Sunday, February 20, 2011

ethical conflict in the anti-malware domain

forgive my silence over the last little while. motivation to blog sometimes isn't easy to find. as time wears on, fewer and fewer things get under my skin enough to drive me to rant (is that what it means to mellow with age?). but since you're reading this i think you can guess what this post infers.

five years ago i wrote a post about what i perceived as an ethical conflict in the anti-'rootkit' domain. it detailed the actions of two of the most notorious names in stealthkit research, jamie butler and greg hoglund, and how they were profiting from making a particular niche of the malware problem more popular (and thus, inevitably a bigger problem).

one of the things i pointed out was that symantec was working with a start-up company (komoku) that had jamie butler (author of what was at one time one of the most widely deployed stealthkits around) as it's chief technology officer. i thought the fact that an anti-malware company was in bed with a company that hired such a high profile malware writer deserved at least a moment of reflection, considering the hard-line stance anti-malware companies take on hiring malware writers themselves. at the end of the day, mind you, that start-up was focused on prevention so maybe the argument could be made that mr. butler had or was trying to reform in some way. (mr. butler has since moved on to mandiant, along with his disciple {the FU2 to butler's FU} peter silberman)
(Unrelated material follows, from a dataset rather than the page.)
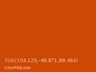 YUV 104.129,-48.871,88.464 Color is a normal orange color and the nearest color is Sinopia #cb410b. Hex code #cd4805 and RGB value is rgb(205,72,5). In RGB color space, this color is composed of 80% red, 28% green, 2% blue, In CMYK color space, this color is composed of 0% cyan, 65% magenta, 98% yellow , 20% black , In HSL color space, this color has a hue angle of 20° , 95% saturation and 41% lightness.
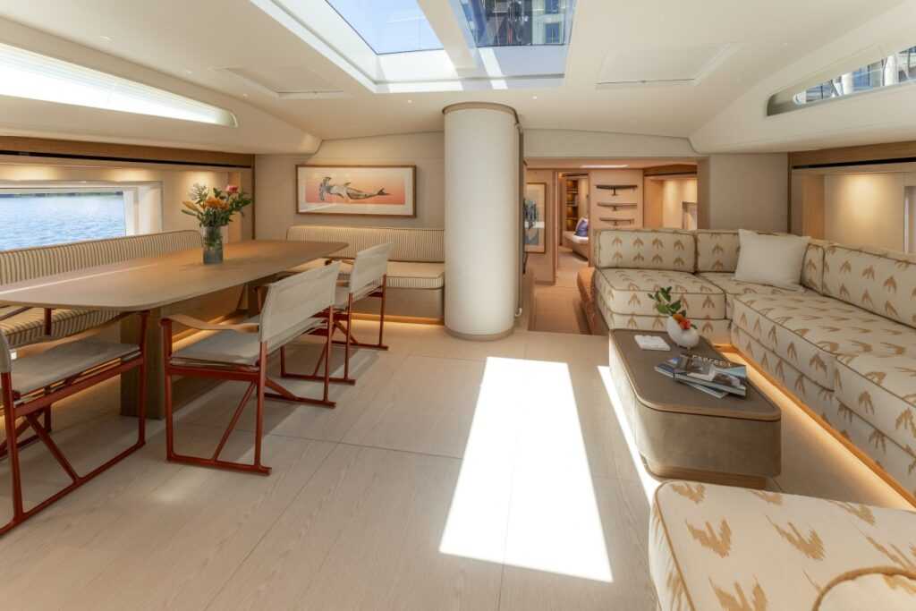 A belső tér kialakítása a modern, tenger ihlette eleganciát ötvözi otthonos melegséggel. A tulajdonos egy világos, nyitott atmoszférát kért, amit a Nauta Design természetes anyagokkal és letisztult formákkal valósított meg. Az enteriőr domináns anyaga a világos tölgy, amit sötétebb diófarészletek ellenpontoznak – ezek a kontrasztok megtalálhatók az étkezőasztalon, a szalonban és a kabinokban.

when i read earlier this past week that another anti-malware company (mcafee) had been working with greg hoglund's company (hbgary) i thought it an interesting historical footnote but paid little attention to it beyond that (though, if i had remembered that mcafee had once been pointing fingers at rootkitDOTcom, maybe the hypocrisy would have stood out more). after all, little attention seemed to be paid to such connections five years ago so why should this time be any different? well, that was before i knew what hbgary was in to.

apparently, on top of the legitimate work that one can find out about by visiting the hbgary website (which of course i won't link to), it appears that hbgary also writes and sells malware for fairly large sums of money. the customers for their malware include the government/military but might not stop there. even if that set of customers does stop there, hbgary appears to be in the high-end commercial malware business.

so where does that leave mcafee? it leaves them in bed with commercial malware writers. while AV companies have been proclaiming for decades that they don't and won't hire malware writers, apparently they don't have to. they can simply partner with the boutique security shops that do. clearly they are not picking their business associates as carefully as they are their actual employees.

and then there's the claim that surfaces from time to time that AV companies won't make special provisions to keep malware deployed by the authorities from getting detected. what's the point of making such a claim if you're just going to turn around and do business with the company that may very well be making said malware?

how many other AV companies, besides mcafee, were or are in bed with hbgary? how many are in bed with companies LIKE hbgary? where's their ethical high horse when it comes to partnerships? why wasn't the "malware writers need not apply" policy updated when commercial malware became the norm and presented the loophole we see before us today?

some AV companies are rewarding malware writers financially. it may not be in the ways we traditionally thought of, but with the #2 company in the industry involved in this practice (and arguably the #1 company as well, depending on where you want to draw the line), the end result is AV companies contributing to the commercial success of malware writers, and that is not ok at all.

3 comments:

emoyle said...

Great post...

What's interesting to me about this is the fact that the blackhat community is unquestionably moved ahead by the compromise overall. Even if the compromise didn't give them access to source, it certainly gives them insight into malware ideas and deployment strategies. Not good.

You and I have disagreed in the past about the specifics of how to contain this, but it's a good argument for both positions - both the "no malware authorship in the security community" position as well as the "control it and regulate it" position.

My hat is off to you.

Harry said...

I'm not sure there's any evidence of HBGary being commercially involved in writing malware, at least not in the original sense meaning that the softWARE had MALicious intent.

Perhaps we need a new term for non-malicious stealth software - weaponware, maybe?

As for their connection to rootkit research - well, research into ways of exploiting security vulnerabilities, and public disclosure of the details, often including demonstration code, is by now a well-established and accepted practice. I don't see the public release of rootkit code as fundamentally any different.

kurt wismer said...

@Harry:
software that facilitates one entity attacking another is malware. that is what HBGary created and sold to various branches of government/military. your confusion is down to the fact that you have reason to side with the attacker.

if we used the reasoning you're adopting to weasel out of calling these particular examples malware, we wouldn't be able to call commercial malware malware at all. after all, it's not malice, it's just business.

as for your inability to discriminate between vulnerability disclosure and malware disclosure, i happen to have written about that topic quite a bit. vulnerability research vs. malware research is just one of posts i've written which might enlighten you as to the differences.